The company intends to pursue both in-house field development projects and investor-led initiatives, with a competitive bidding process for new opportunities expected to launch early in 2026. This approach aims to unlock what industry analysts describe as “stranded oil assets”—reserves that remain undeveloped due to a lack of capital or technical capacity.

The investment push comes at a critical juncture for Nigeria’s petroleum industry. The country has experienced significant capital flight from its upstream sector over the past several years, with major international oil companies scaling back operations or exiting entirely. ExxonMobil, Shell, and other global energy giants have sold off Nigerian assets, citing operational difficulties and shifting investment priorities.

Production has declined substantially from the 2 million barrels per day that Nigeria routinely produced in previous decades. Theft from pipelines, particularly in the oil-rich Niger Delta region, has cost the country billions of dollars in lost revenue, while security challenges have made operations increasingly hazardous and expensive.

Regulatory uncertainty has compounded these challenges, with delayed project approvals and policy inconsistencies deterring potential investors. The passage of the Petroleum Industry Act in 2021 was meant to address some of these concerns, but implementation has been slow and uneven.

Beyond field development, NNPC is pursuing infrastructure-led growth as part of its broader strategy. The centerpiece of these efforts is the $2.8 billion Ajaokuta–Kaduna–Kano (AKK) gas pipeline project, which is expected to reach major completion milestones beginning early next year.

The 614-kilometer pipeline is designed to transport natural gas from the country’s gas-rich southern regions to power plants and industrial centers in the north, potentially transforming Nigeria’s domestic energy landscape and supporting economic development in previously underserved areas.

The success or failure of NNPC’s strategy carries enormous implications for Nigeria’s economy, which remains heavily dependent on oil revenues despite years of diversification efforts. Petroleum exports still account for the bulk of government revenue and foreign exchange earnings, making production levels critical to the country’s fiscal health.

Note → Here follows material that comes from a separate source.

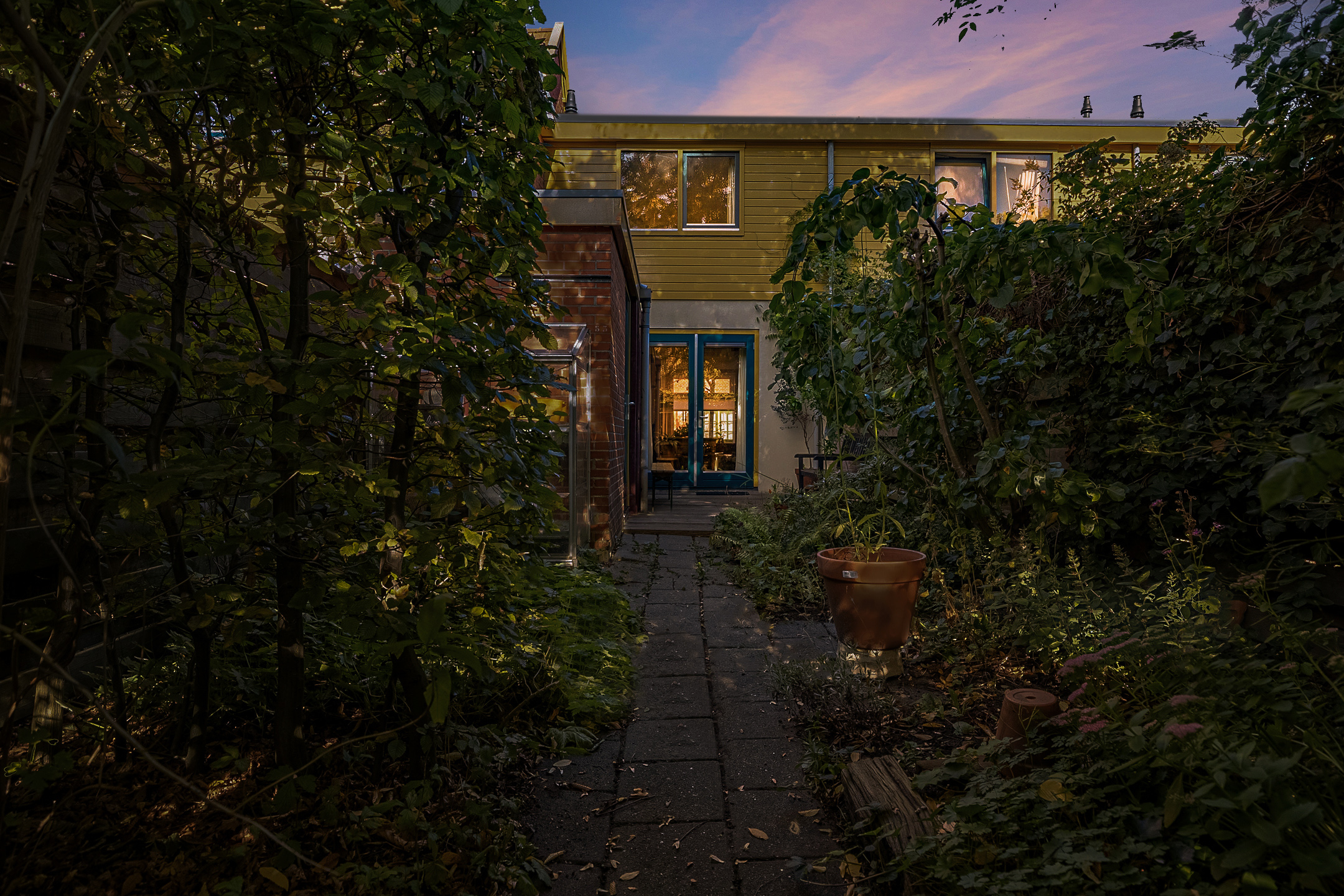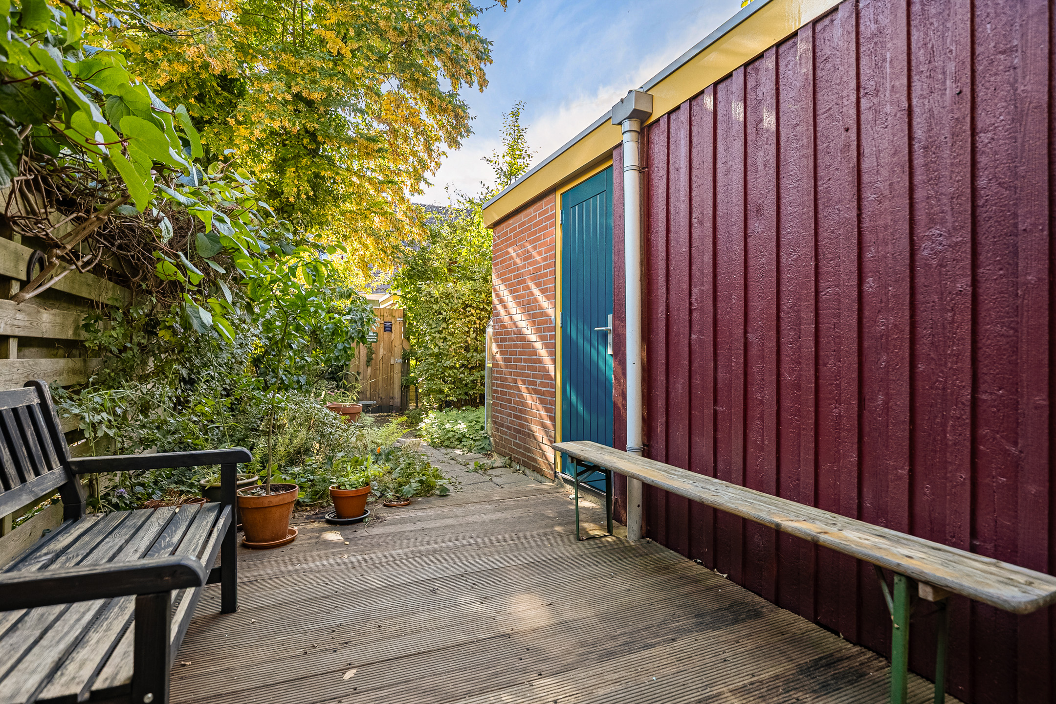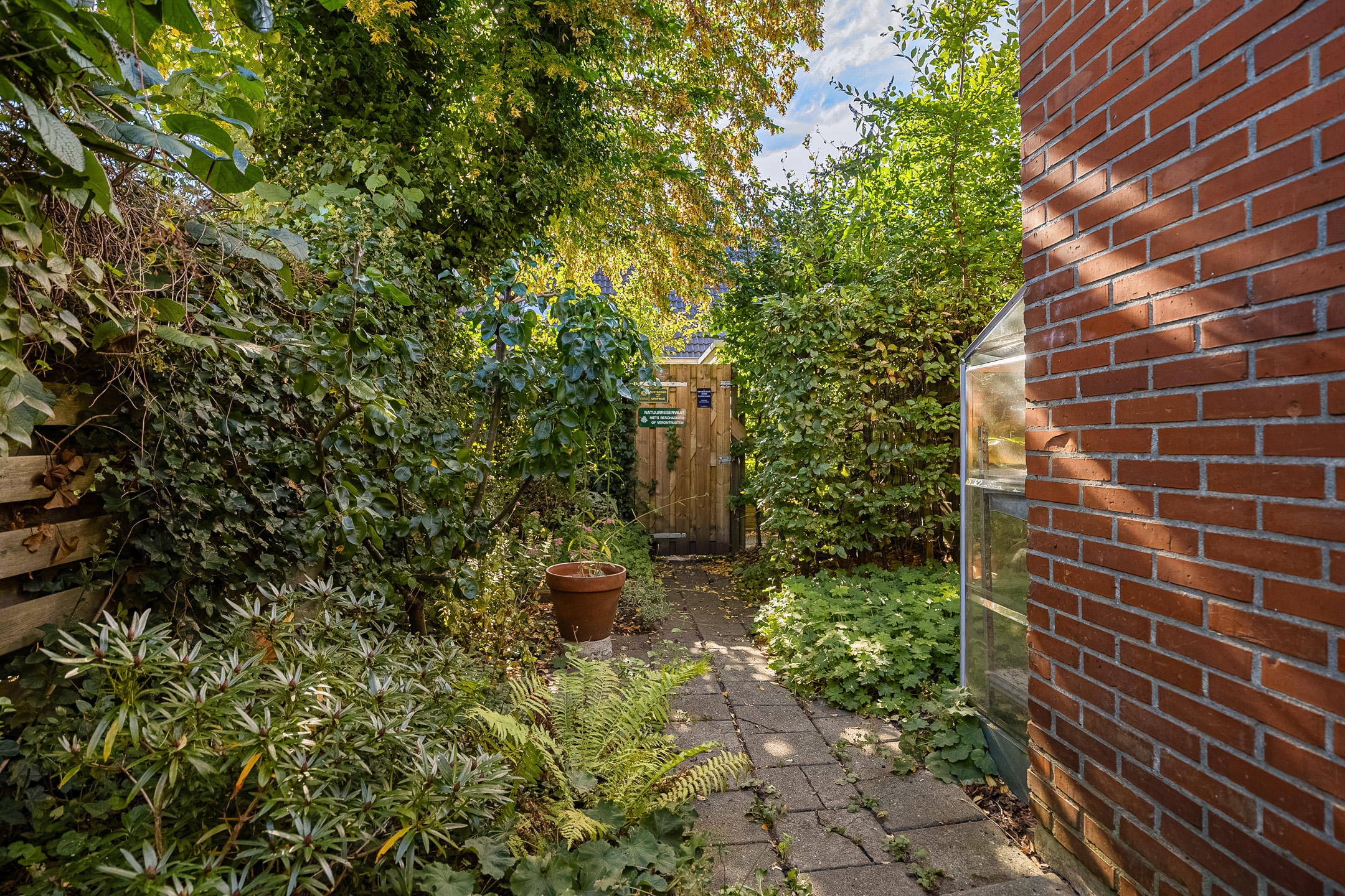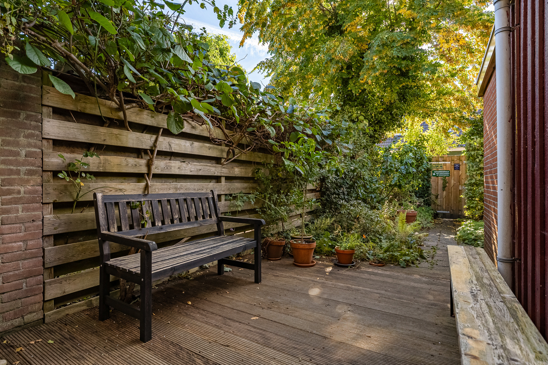 - Beschutte achtertuin van ca. 40 m² met achterom

If successfully executed, the plan could stabilize production, attract long-absent international investment, and position Nigeria to capitalize on global energy demand in the coming years. However, the company faces formidable challenges in executing such an ambitious turnaround, including the need to address persistent security issues, demonstrate regulatory consistency, and convince skeptical investors that Nigeria’s oil sector has turned a corner.

The coming months will reveal whether NNPC can translate these plans into concrete investment decisions and begin reversing the fortunes of what was once Africa’s undisputed oil powerhouse.

WHAT YOU SHOULD KNOW

Nigeria’s state oil company, NNPC, is launching an ambitious comeback plan to rescue the country’s declining oil industry, targeting $30 billion in new investments by 2030 through developing fresh oil fields and selling off underperforming assets. The goal is to boost daily production from current levels to 1.8 million barrels in 2026 and ultimately 4 million barrels by 2030.

This is a make-or-break moment for Nigeria’s oil-dependent economy. After years of falling production, investment flight, and operational chaos driven by theft, security problems, and regulatory uncertainty, NNPC is betting big that it can reverse the decline and restore the country’s status as Africa’s oil powerhouse.

Success would stabilize government revenues and attract back long-departed international investors; failure would accelerate Nigeria’s petroleum sector collapse.